And that means Ford doesn’t have to purchase as much power from the
grid.


Dorrance Noonan is CEO of STM Power, the company that’s redesigned
the old engine. Noonan says Ford is a perfect candidate for this
technology.


“We’re really excited about the Ford project because it offers a
tremendous opportunity to manufacturing companies and large paint
operations, who have large VOC problems that they have to deal with in
very expensive ways.”


The Ford plant is just the beginning for the company. They also plan to
deliver their portable on-site generators to landfills and wastewater
treatment plants. In that situation, methane gas is used as the fuel to
generate electricity. Noonan says his company has a bright future.

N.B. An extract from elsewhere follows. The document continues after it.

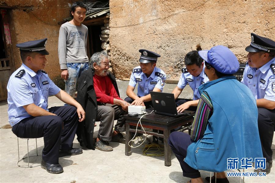 7月20日,在貴州省威寧縣海拉鎮(zhèn)黑多村巖腳組,民警們?cè)跒?7歲的崔發(fā)清老人(左三)采集指紋信息。 2013年以來(lái),貴州省威寧彝族回族苗族自治縣公安局海拉派出所的民警為了解決當(dāng)?shù)乩稀⑷、病、殘等行?dòng)不便群眾辦理二代居民身份證困難問(wèn)題,堅(jiān)持為這些群眾提供預(yù)約上門(mén)辦理身份證服務(wù)。在一些交通不便利的地方,民警們則通過(guò)溜索渡江、翻山越嶺、步行前往的方式,上門(mén)為群眾離線(xiàn)采集指紋、拍攝證件照等,4年多來(lái),當(dāng)?shù)孛窬癁楹@?zhèn)370余名有困難的群眾成功辦理了身份證。 新華社發(fā)(冶付紅 攝)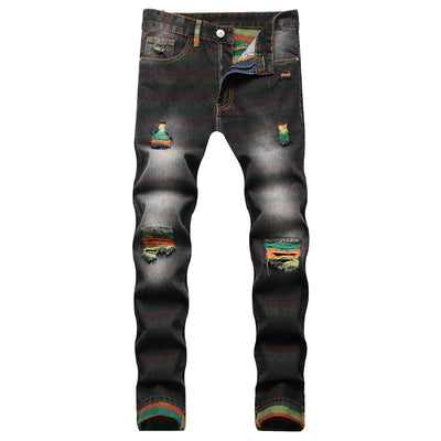 AanbiedingGescheurde patchwork zwarte herenjeans

“Well, in the next couple of years, we see strong penetration in our two focus
markets, which are the landfill markets in the U.S. and the wastewater
treatment markets in the United States, and then we see that expansion
going outside of the United States to Europe and eventually to Asia.”


There are some skeptics.


Dan Rassler, with the Electric Power Research Institute, says STM’s
technology does have the potential to create viable new sources of
energy, but more companies need to actually start using it before he can
know for sure, and he says that right now the technology is still too
expensive for many companies.


“We’d like to see the capitol costs of these systems be lower than where
they are today.”


Right now, an STM unit costs $65,000. Rassler would like to see overall
costs cut by 10 to 20 percent. He says costs could decrease as more of
these units come on line.


STM CEO Dorrance Noonan says the costs are comparable to competing
on-site generators, and these expenses will be offset by using the free
fuel used to generate electricity that his engines provide. Noonan says
that continuing high natural gas prices will be his technology’s best
friend, as companies strive for ways to reduce energy costs.


For the GLRC, I’m Julie Halpert.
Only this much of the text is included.